- **WHAT YOU ARE ASKED TO DO**
Would you print the lines below exactly, beginning at the line that has "注意 | 1. 产品类型为消耗品的项目未添加到资产中,因此无法进行协调。" and stopping after the line that has "Thursday. (Reuters) |"? Only those lines, and no pictures.

[Records contained in a dataset]
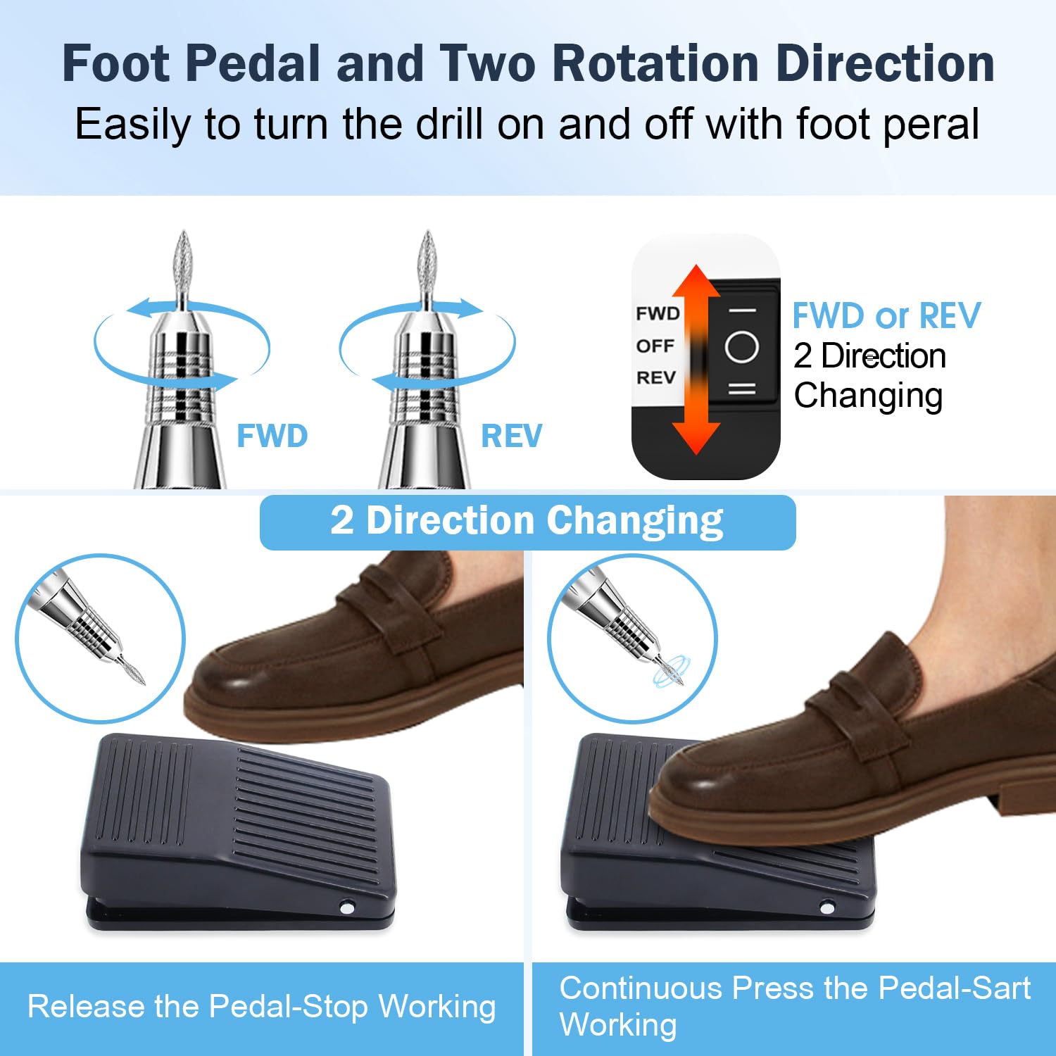 - 【Professional Nail Drill with 35,000 RPM Speed】Electric nail drill offers adjustable speed from 1000 to 35,000 RPM, giving you full control for precision and optimal performance. The Forward/Reverse switch allows for easy switching between clockwise and counterclockwise rotation, making it ideal for both right-handed and left-handed users. It fits with all standand 3/32'' drill bits, no worry that the mouth would become loose with too much pull in/out
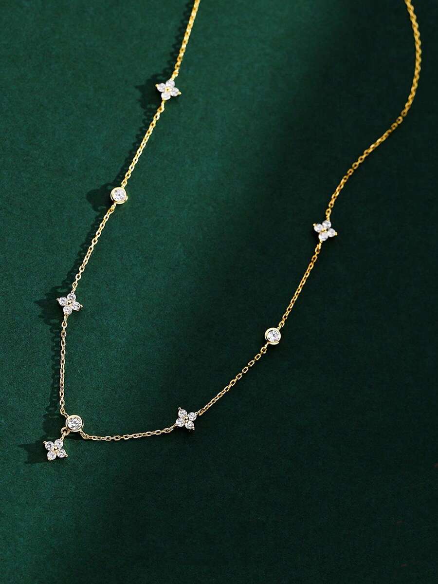 S925 Sterling Silver Necklace With Fashionable Flower Pendant, Elegant Clavicle Chain For Women
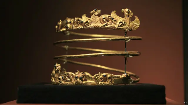 До експозиції виставки "Крим – золотий острів у Чорному морі", яка у липні минулого року почала подорож Європою, входять 609 музейних предметів з фондів шести музеїв України, чотири з яких розташовані у Криму. Серед експонатів – легендарні скіфські ювелірні вироби.
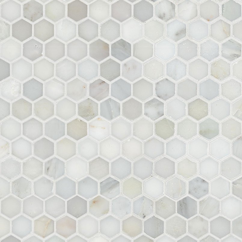 Calacatta Gold Hexagon Mosaic Tile is crafted from luxurious Italian marble, featuring a crisp white background highlighted with elegant shades of gold and gray. Its timeless hexagon design brings a sophisticated touch, making it an ideal choice for backsplashes, floors, countertops, and walls. This versatile tile pairs seamlessly with complementary stones, surfaces, and other hexagon tiles from MSI’s collection, allowing you to create a cohesive and elevated look.
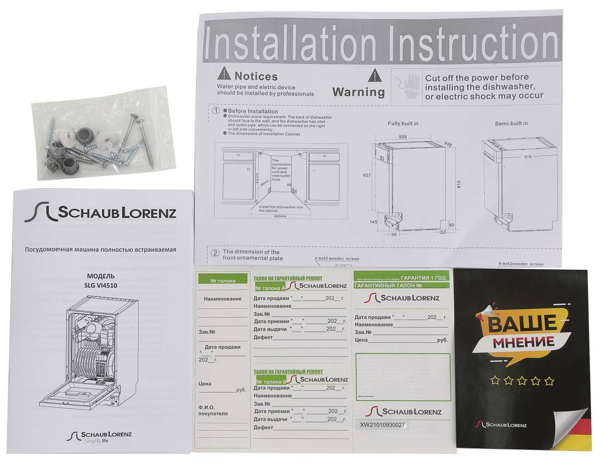 Комплектация: Лоток для столовых приборов; Сливной шланг; Пластиковый держатель для сливного шланга; Воронка для засыпки соли; Руководство по эксплуатации; Гарантийный талон
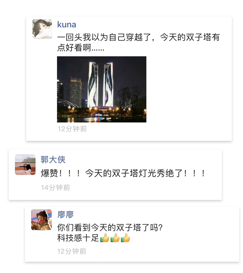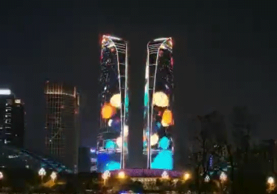 】五一长假,每晚19:00-22:00成都交子金融双塔灯光秀准时上演,还没亲眼目睹的小伙伴们,抓紧到现场感受这场充满科技感的视觉盛宴吧!
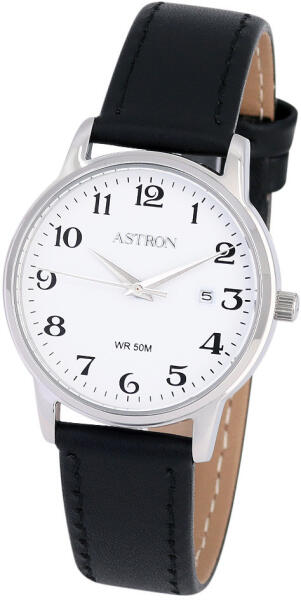 ASTRON 8048-7 női karóra, ezüst színű nemesacél tok, fekete színű bőrszíj, fehér számlap, keményített ásványüveg, quartz szerkezet, 50 m (5 ATM) vízállóság (8048-7) - oranagykereskedes
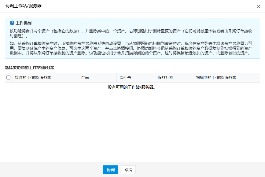 注意 | 1. 产品类型为消耗品的项目未添加到资产中,因此无法进行协调。 2. 扫描的工作站只能协调一次。 3. 不能对同一采购订单中的工作站进行协调。 |
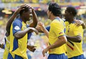 | Ecuador’s Agustin Delgado (left) celebrates with teammates after scoring against Costa Rica in Hamburg on Thursday. (Reuters) |
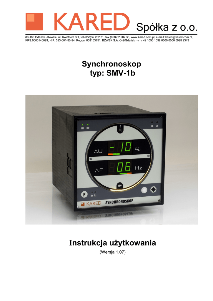 Spółka z o.o. 80-180 Gdańsk – Kowale, ul. Kwiatowa 3/1, tel.(058)32 282 31, fax.(058)32 282 33, www.kared.com.pl, e-mail: [email protected], KRS:0000140099, NIP: 583-001-80-84, Regon: 008103751, BZWBK S.A. O-2/Gdańsk r-k nr 42 1090 1098 0000 0000 0988 2343 Synchronoskop typ: SMV-1b Instrukcja użytkowania (Wersja 1.07) Synchronoskop SMV-1b – Instrukcja użytkowania PUP KARED zastrzega sobie prawo wprowadzania zmian w swoich produktach polegających na doskonaleniu ich cech technicznych. Zmiany te nie zawsze mogą być na bieżąco uwzględniane w dokumentacji. Marki i nazwy produktów wymienione w niniejszej instrukcji stanowią znaki towarowe lub zarejestrowane znaki towarowe, należące odpowiednio do ich właścicieli. Nasz adres: PUP KARED Sp. z o.o. 80-180 Kowale k. Gdańska, ul. Kwiatowa 3/1 telefon: +48-58-322 82 31 fax: +48-58-324 86 46 email: [email protected] www: http://www.kared.com.pl/ Copyright 2006 by PUP Kared. Wszelkie prawa zastrzeżone. PUP KARED Sp. z o.o. SMV-1_IU_107 wersja: 1.07 Strona 2 Synchronoskop SMV-1b – Instrukcja użytkowania Spis treści 1. Znaczenie instrukcji użytkowania................................................................................................5 2. Informacja o zgodności............................................................................................................... 6 3. Zastosowanie urządzenia SMV-1b..............................................................................................6 4. Zasady bezpieczeństwa.............................................................................................................. 8 4.1. Instalacja urządzenia ............................................................................................................... 8 4.2. Uruchomienie urządzenia.........................................................................................................8 4.3. Eksploatacja urządzania.......................................................................................................... 8 4.4. Otwieranie obudowy................................................................................................................. 8 4.5. Obsługa.................................................................................................................................... 8 4.6. Przeróbki i zmiany.................................................................................................................... 9 4.7. Zakłócenia................................................................................................................................ 9 4.8. Tabliczki znamionowe, informacyjne i naklejki.........................................................................9 4.9. Symbole................................................................................................................................... 9 5. Opis techniczny......................................................................................................................... 10 5.1. Opis ogólny............................................................................................................................ 10 6. Dane techniczne........................................................................................................................ 11 6.1. Warunki środowiskowe........................................................................................................... 11 6.2. Dane o kompletności.............................................................................................................. 11 6.3. Charakterystyka zasilania.......................................................................................................12 6.4. Charakterystyka ogólna wejść................................................................................................12 6.5. Dane wejść pomiarowych.......................................................................................................12 6.6. Dane wejść dwustanowych....................................................................................................12 6.7. Charakterystyka wyjść........................................................................................................... 13 7. Instalacja................................................................................................................................... 13 8. Obsługa..................................................................................................................................... 17 8.1. Obsługa bieżąca..................................................................................................................... 17 8.2. Ręczny odczyt nastaw............................................................................................................ 17 9. Algorytm SMV-1b...................................................................................................................... 17 9.1. Zastosowane symbole............................................................................................................17 9.1. Zastosowane symbole............................................................................................................17 9.2. Nastawy................................................................................................................................. 18 9.3. Definicje................................................................................................................................. 19 9.4. Algorytm działania urządzenia SMV-1b..................................................................................19 10. Komunikacja przez łącze szeregowe.......................................................................................22 10.1. Informacja podstawowe........................................................................................................22 PUP KARED Sp. z o.o. SMV-1_IU_107 wersja: 
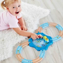 Take a journey to the bottom of the sea with this “underwater” railway! Make the sea creatures “dance” by driving the train over the crossing.
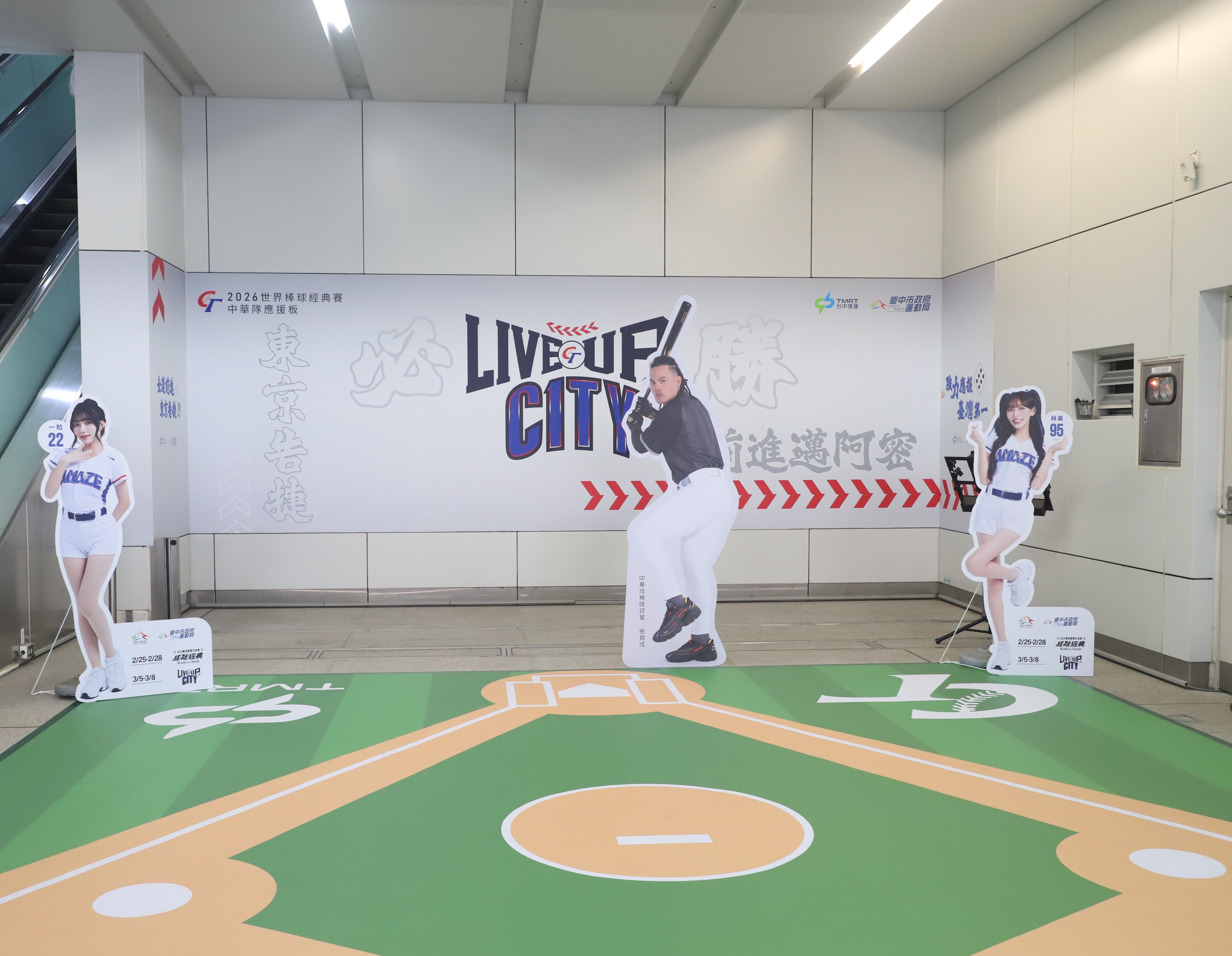 配合活動,捷運市政府站1樓設置棒球主題「球場造型打卡區」,包含球員張育成與啦啦隊女孩等比例立牌、計分板及賽程表,並設有留言牆供民眾寫下祝福,球賽期間,中捷全線車站列車進站音樂將播放中華隊應援曲〈就一起〉,各站跑馬燈也將更新賽事戰況與結果,提供乘客即時資訊。
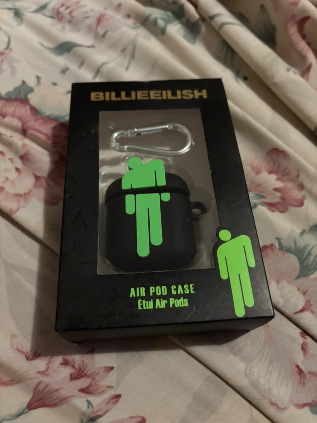This black silicone Air Pod case features a neon green Billie Eilish graphic. It comes with a silver carabiner for easy attachment. Protects your Air Pods in style!
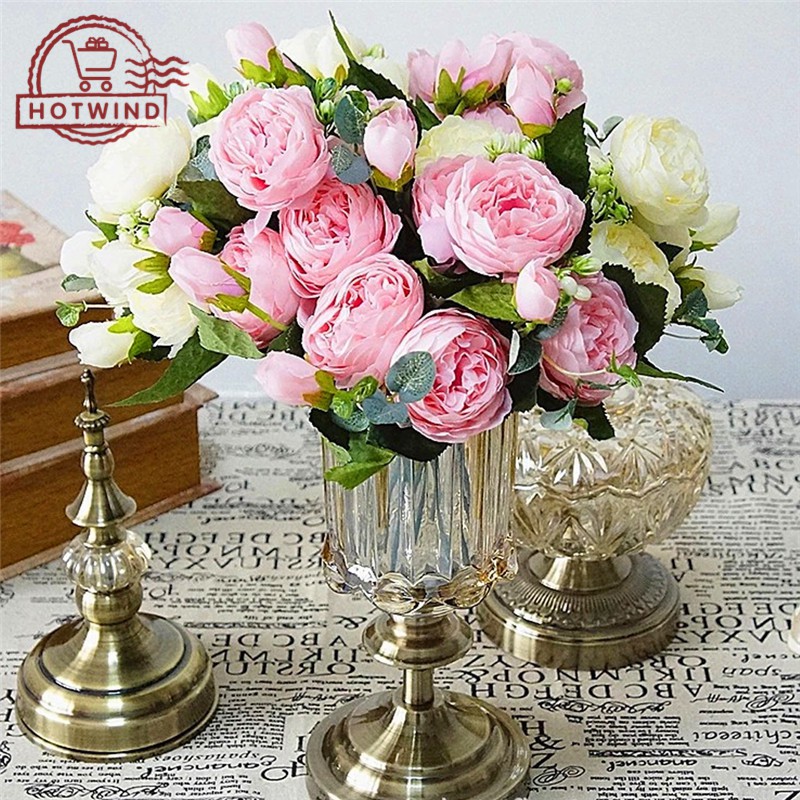 Artificial Silk Fake Flowers Leaf Peony Floral Wedding Bouquet
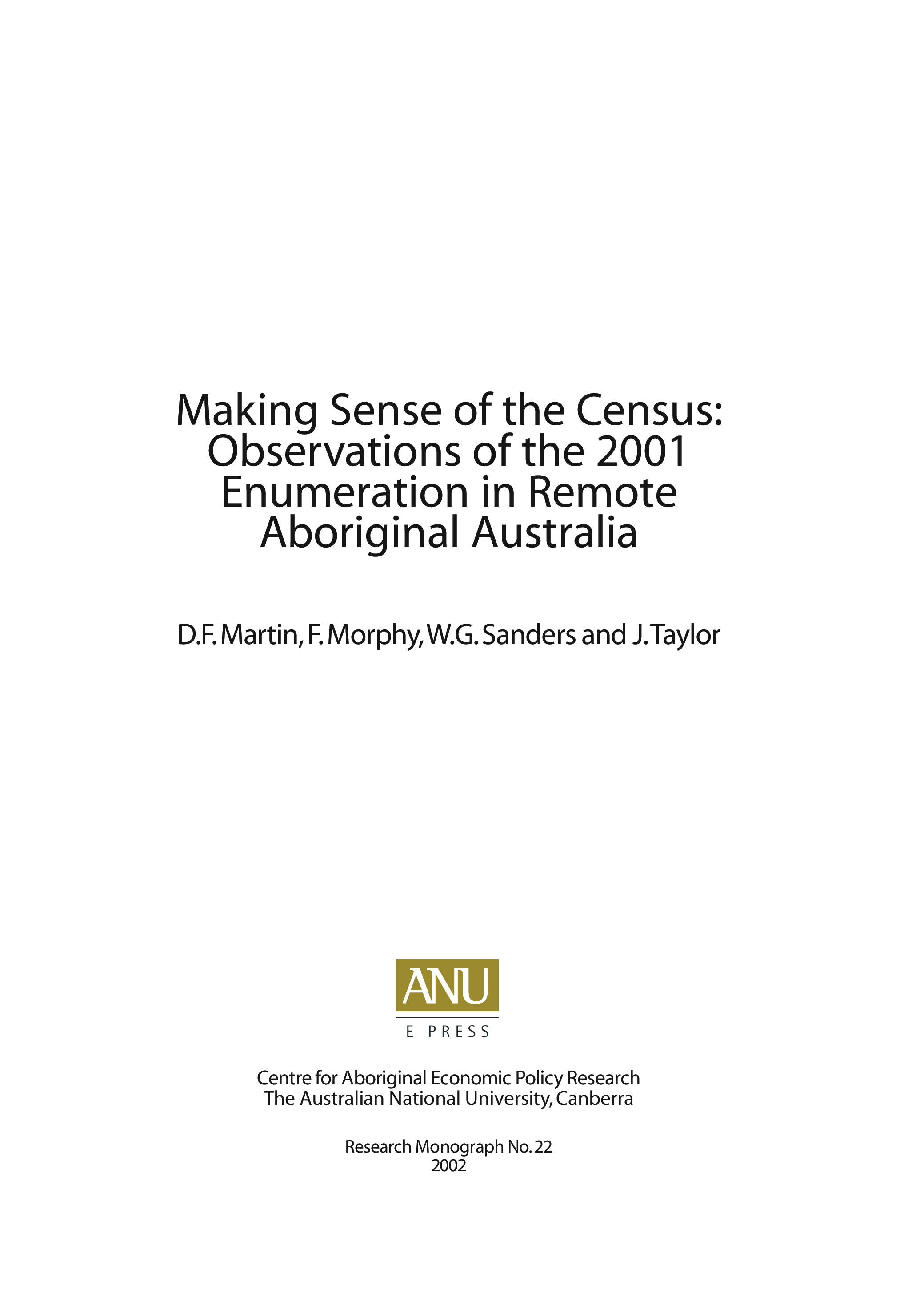 "Making Sense of the Census: Observations of the 2001 Enumeration in Remote Aboriginal Australia" - читать интересную книгу автора (D.F. Martin, F. Morphy, W.G Sanders, J. Taylor)
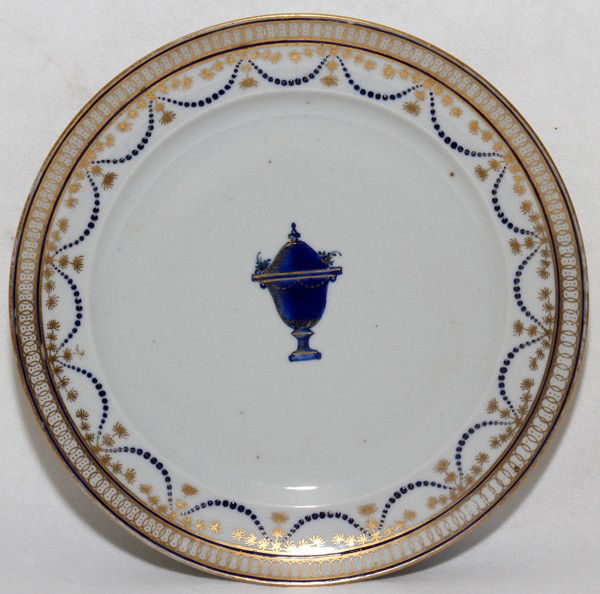 CHINESE EXPORT PORCELAIN PLATE, 18TH C. , DIA 7 3/4":Plate centered by a cobalt blue urn. Gilt border with blue enamel swags. From the Estate of Eunice Bundy, Bloomfield Hills, Mi.

- **COMPLETED TASK**
 注意 | 1. 产品类型为消耗品的项目未添加到资产中,因此无法进行协调。 2. 扫描的工作站只能协调一次。 3. 不能对同一采购订单中的工作站进行协调。 |
 | Ecuador’s Agustin Delgado (left) celebrates with teammates after scoring against Costa Rica in Hamburg on Thursday. (Reuters) |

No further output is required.